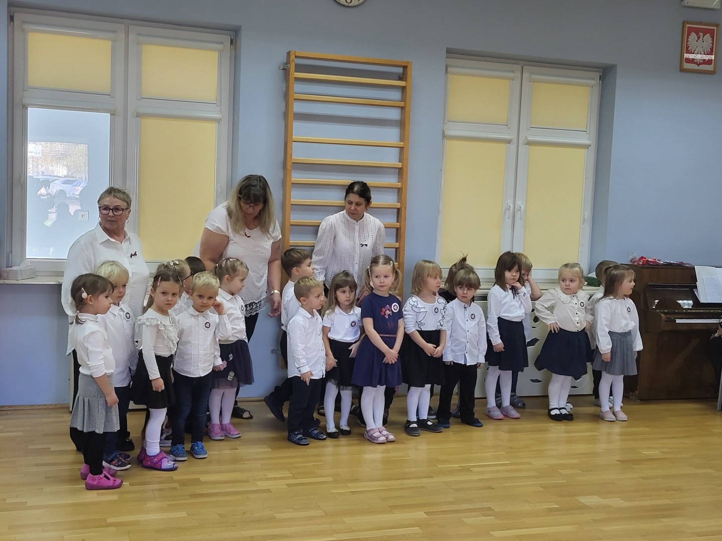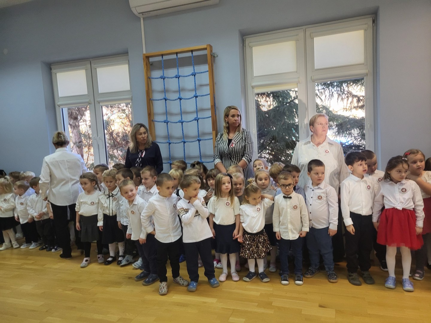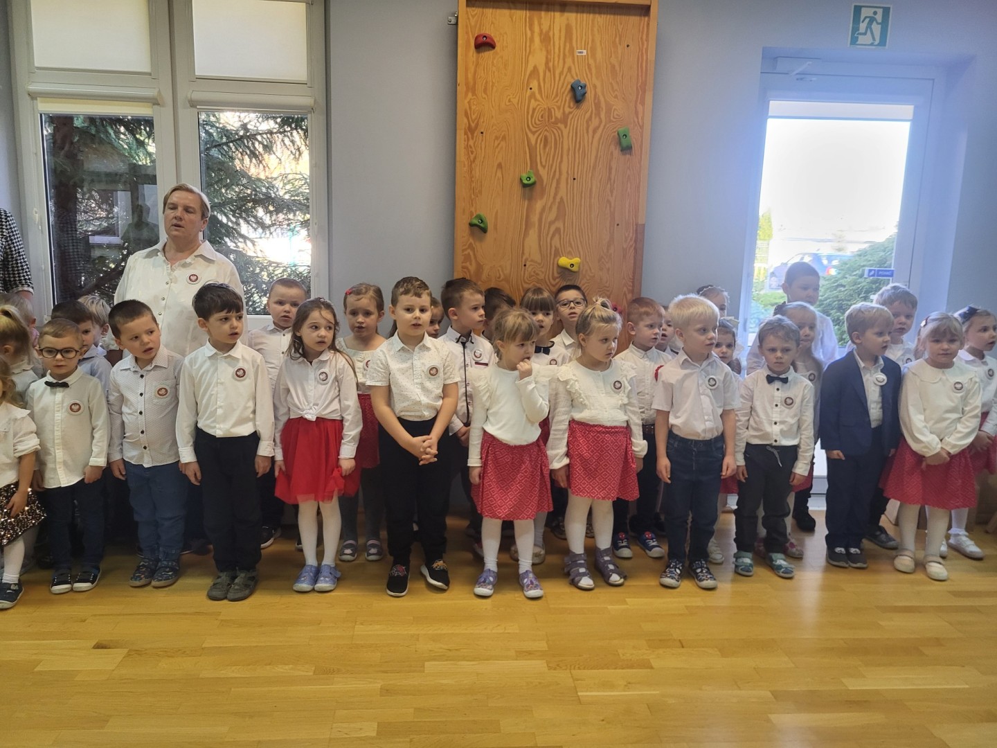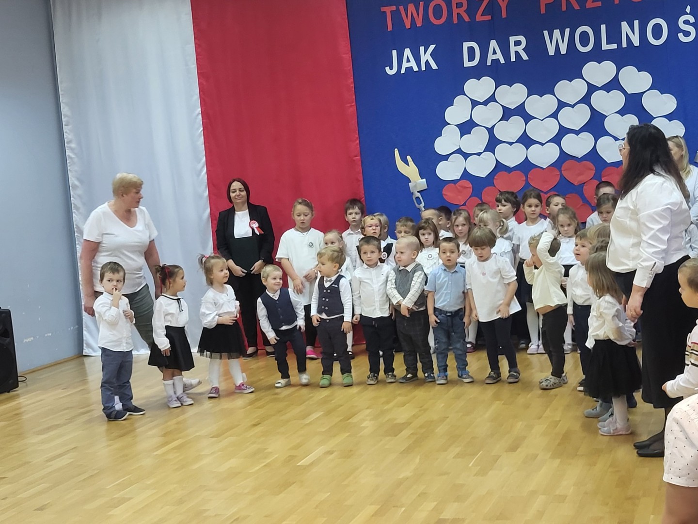 Dnia 13 listopada w naszym przedszkolu odbył się uroczysty Koncert Patriotyczny z okazji rocznicy odzyskania przez Polskę niepodległości. Wydarzenie to stało się piękną okazją do wspólnego świętowania oraz kształtowania postaw patriotycznych wśród najmłodszych. W uroczystości wzięły udział Panie z Klubu Pasjonatów przy Bibliotece Publicznej w Józefowie, wydarzenie miało więc charakter międzypokoleniowy. Rozpoczęliśmy wspólnym odśpiewaniem Hymnu Polski oraz pieśni patriotycznej pt. „Legiony”. Dzieci z poszczególnych grup przygotowały piosenki patriotyczne nawiązujące do historii Polski, symboli narodowych i wartości ważnych dla każdego Polaka. Dzieci 5-letnie dodatkowo tańczyły tańce patriotyczne. Na koniec grupa Żabki przedstawiła zapierający dech w piersiach widowiskowy obraz wolności i dumy narodowej pokazując zachwycający taniec z wykorzystaniem flag Polski. Podczas koncertu mali artyści z ogromnym zaangażowaniem prezentowali swoje umiejętności. Występy były pełne radości, dumy i wzruszeń, a w sali panowała wyjątkowa, podniosła atmosfera. Dziękujemy wszystkim nauczycielom za przygotowanie dzieci do występów, a naszym gościom za wspólne świętowanie oraz obecność. Jesteśmy dumni z naszych przedszkolaków, którzy kolejny raz pokazali, że potrafią pięknie uczyć się i świętować ważne momenty naszej historii.
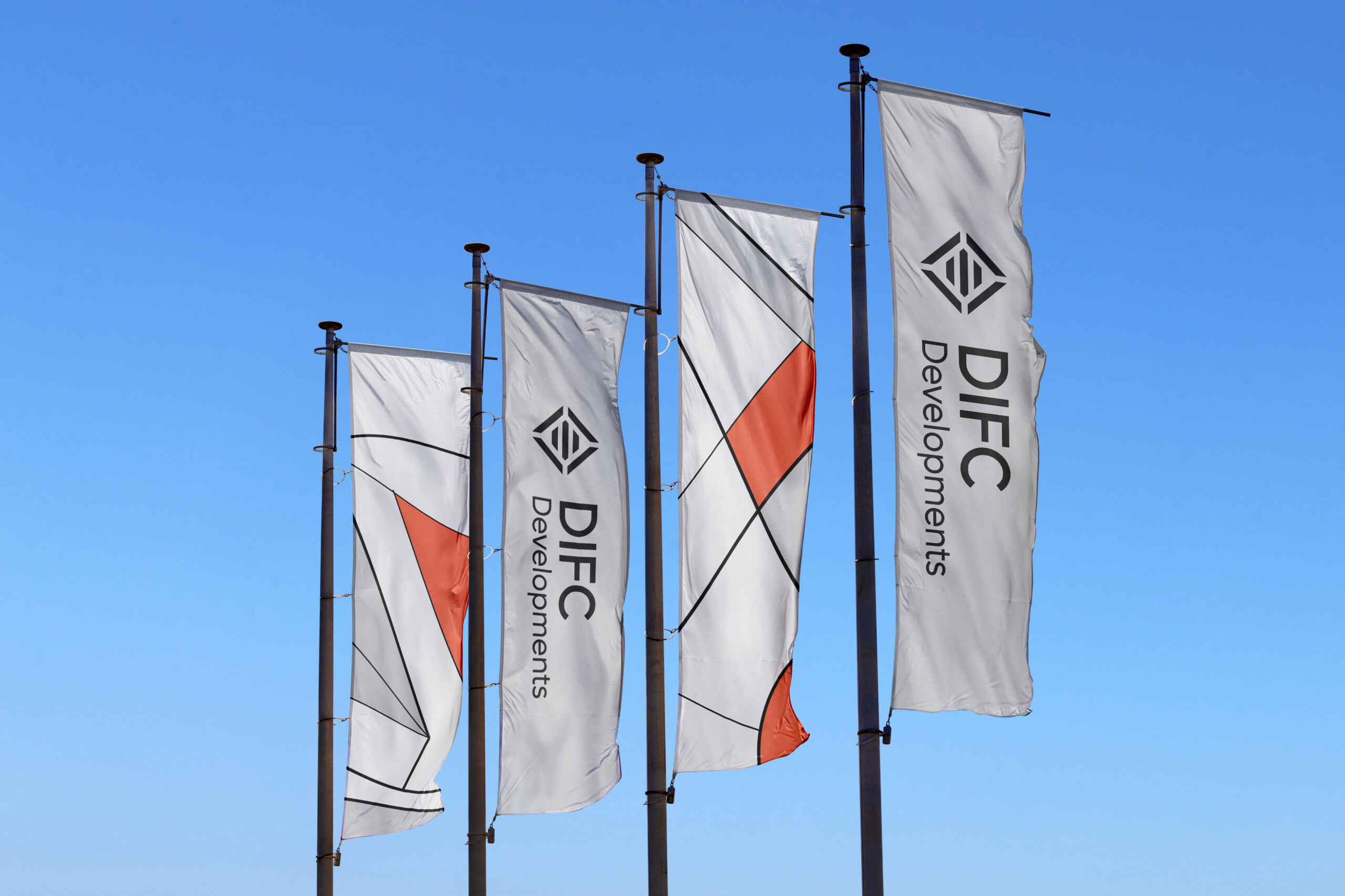 The following are examples of the DIFC Developments flag banners. Flag banners are shown utilising the the primary brandmark (excluding the orange extension line). This is permissible across space restricted applications/
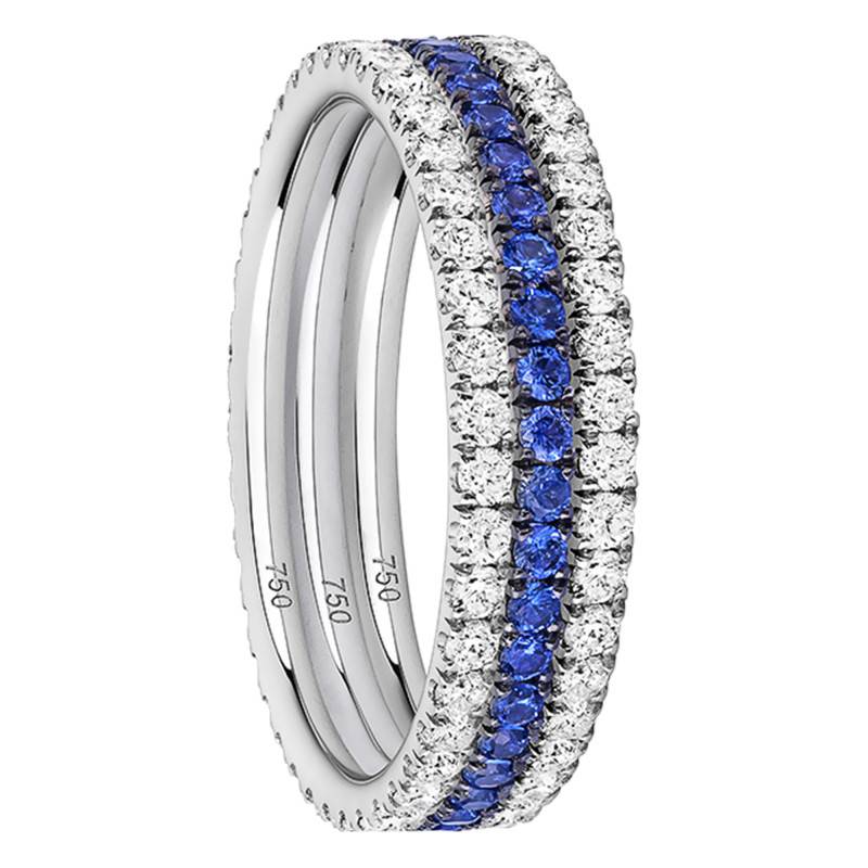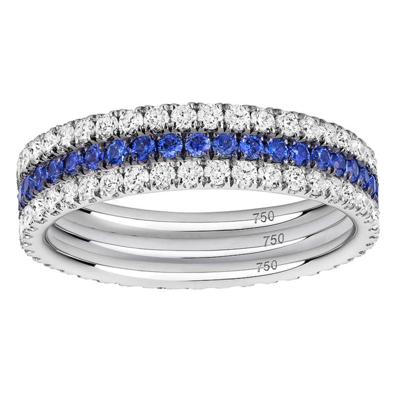 Craquez sans plus attendre pour cette élégante alliance formée par 3 anneaux distincts réalisés en or blanc 750/1000 (18K). Vous pouvez porter chaque anneau séparément ou ensemble comme sur le visuel proposé. Il y a deux anneaux sertis de diamants H/SI et l'anneau central est serti de saphirs bleus d'une couleur exquise. Les pierres sont serties quatre griffes.

## Task to carry out
Could you give the listing again exactly as it stands, minus any pictures?

## Problem solution
 Dnia 13 listopada w naszym przedszkolu odbył się uroczysty Koncert Patriotyczny z okazji rocznicy odzyskania przez Polskę niepodległości. Wydarzenie to stało się piękną okazją do wspólnego świętowania oraz kształtowania postaw patriotycznych wśród najmłodszych. W uroczystości wzięły udział Panie z Klubu Pasjonatów przy Bibliotece Publicznej w Józefowie, wydarzenie miało więc charakter międzypokoleniowy. Rozpoczęliśmy wspólnym odśpiewaniem Hymnu Polski oraz pieśni patriotycznej pt. „Legiony”. Dzieci z poszczególnych grup przygotowały piosenki patriotyczne nawiązujące do historii Polski, symboli narodowych i wartości ważnych dla każdego Polaka. Dzieci 5-letnie dodatkowo tańczyły tańce patriotyczne. Na koniec grupa Żabki przedstawiła zapierający dech w piersiach widowiskowy obraz wolności i dumy narodowej pokazując zachwycający taniec z wykorzystaniem flag Polski. Podczas koncertu mali artyści z ogromnym zaangażowaniem prezentowali swoje umiejętności. Występy były pełne radości, dumy i wzruszeń, a w sali panowała wyjątkowa, podniosła atmosfera. Dziękujemy wszystkim nauczycielom za przygotowanie dzieci do występów, a naszym gościom za wspólne świętowanie oraz obecność. Jesteśmy dumni z naszych przedszkolaków, którzy kolejny raz pokazali, że potrafią pięknie uczyć się i świętować ważne momenty naszej historii.
 The following are examples of the DIFC Developments flag banners. Flag banners are shown utilising the the primary brandmark (excluding the orange extension line). This is permissible across space restricted applications/
 Craquez sans plus attendre pour cette élégante alliance formée par 3 anneaux distincts réalisés en or blanc 750/1000 (18K). Vous pouvez porter chaque anneau séparément ou ensemble comme sur le visuel proposé. Il y a deux anneaux sertis de diamants H/SI et l'anneau central est serti de saphirs bleus d'une couleur exquise. Les pierres sont serties quatre griffes.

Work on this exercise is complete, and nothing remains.